Asymptotic Safety, Asymptotic Darkness, and the hoop conjecture in the extreme UV

TL;DR

This paper explores how the formation of black holes in small-scale experiments is affected by asymptotically safe gravity, challenging the idea of a fundamental minimum length and showing that black hole formation depends on specific coupling values.

Contribution

It extends the hoop conjecture to include higher curvature terms within asymptotically safe gravity, analyzing black hole formation in the UV regime and its implications for minimum length arguments.

Findings

Black hole formation in small experiments depends on UV fixed point couplings.

No definitive proof that black holes always form in arbitrarily small regions.

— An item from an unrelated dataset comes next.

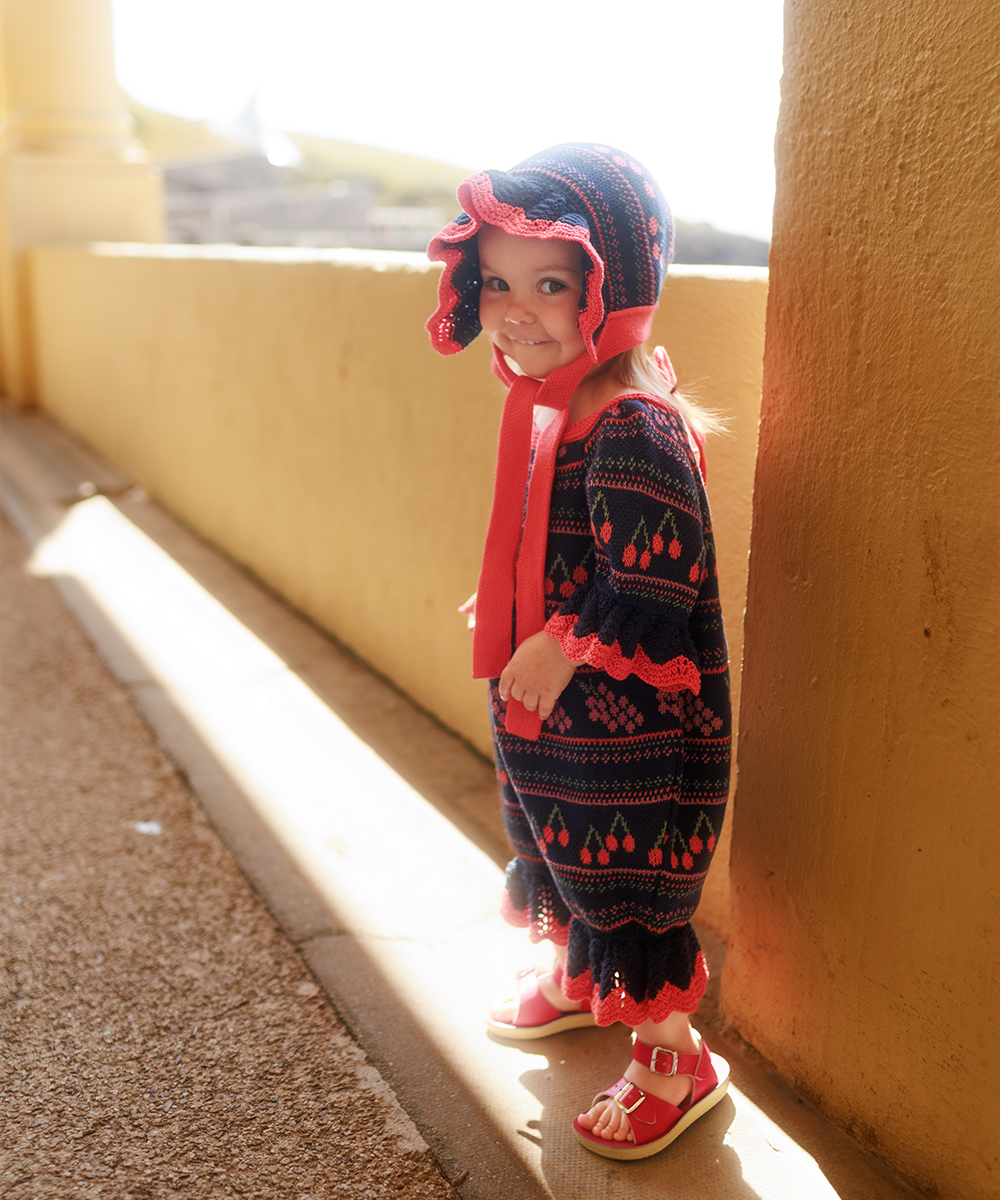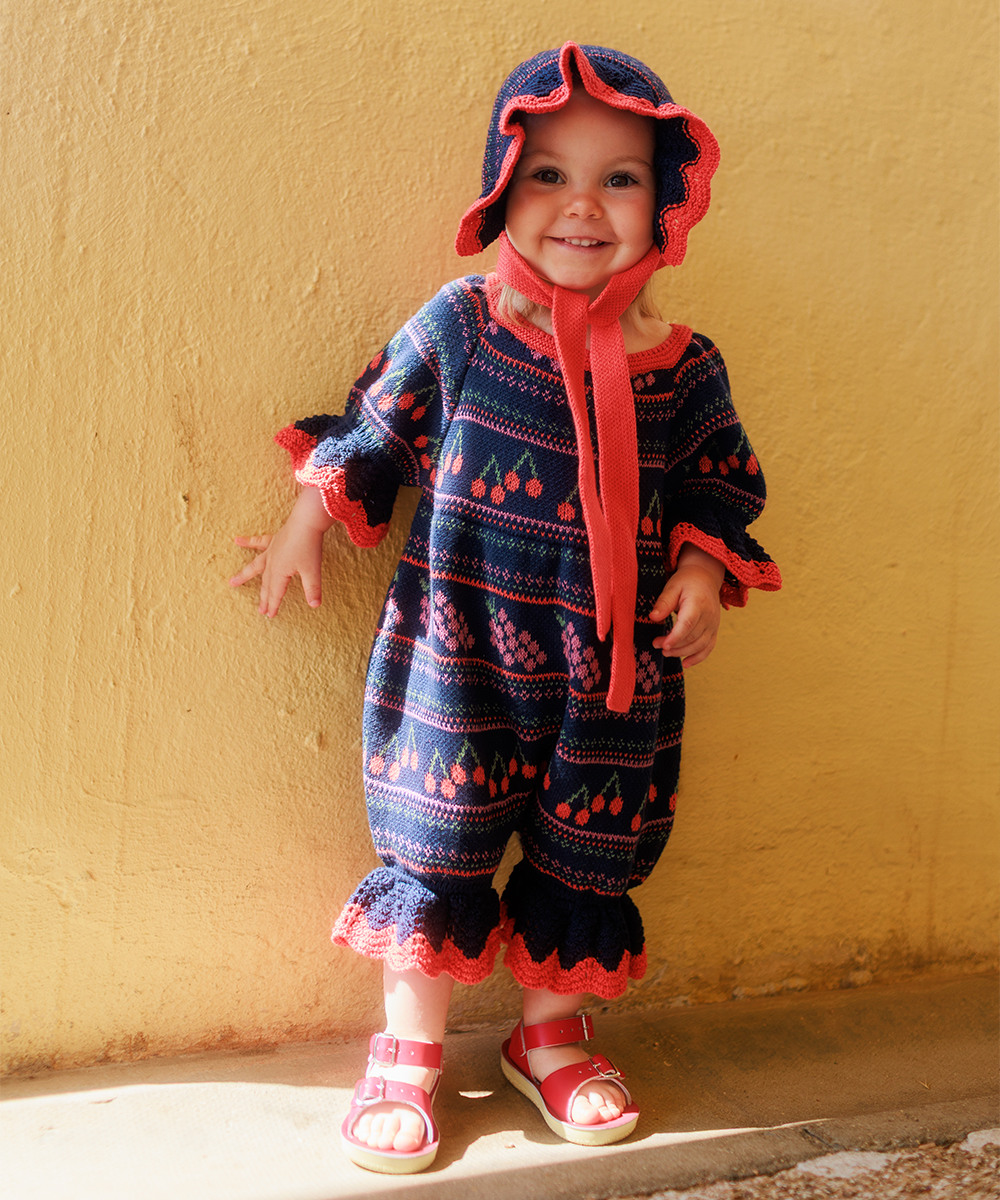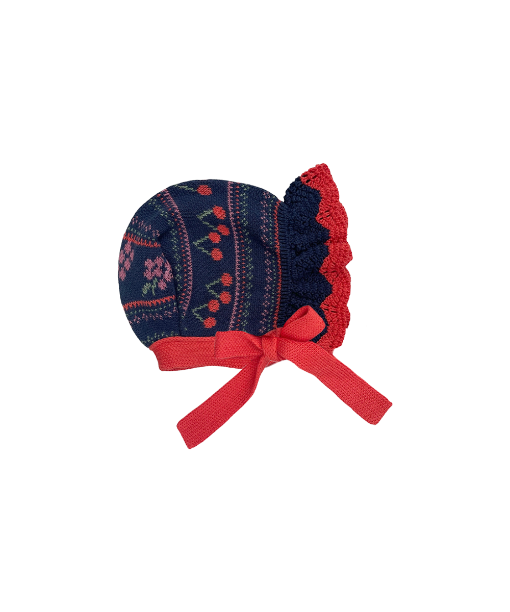 Knitted in a fruity jacqaurd of cherries and grapes.

Large horizons can form outside the experiment, preventing information escape.

Abstract

Assuming the hoop conjecture in classical general relativity and quantum mechanics, any observer who attempts to perform an experiment in an arbitrarily small region will be stymied by the formation of a black hole within the spatial domain of the experiment. This behavior is often invoked in arguments for a fundamental minimum length. Extending a proof of the hoop conjecture for spherical symmetry to include higher curvature terms we investigate this minimum length argument when the gravitational couplings run with energy in the manner predicted by asymptotically safe gravity. We show that argument for the mandatory formation of a black hole within the domain of an experiment fails. Neither is there a proof that a black hole doesn't form. Instead, whether or not an observer can perform measurements in arbitrarily small regions depends on the specific numerical values of the couplings near the UV fixed point. We further argue that when an experiment is localized on a scale much smaller than the Planck length, at least one enshrouding horizon must form outside the domain of the experiment. This implies that while an observer may still be able to perform local experiments, communicating any information out to infinity is prevented by a large horizon surrounding it, and thus compatibility with general relativity can still be restored in the infrared limit.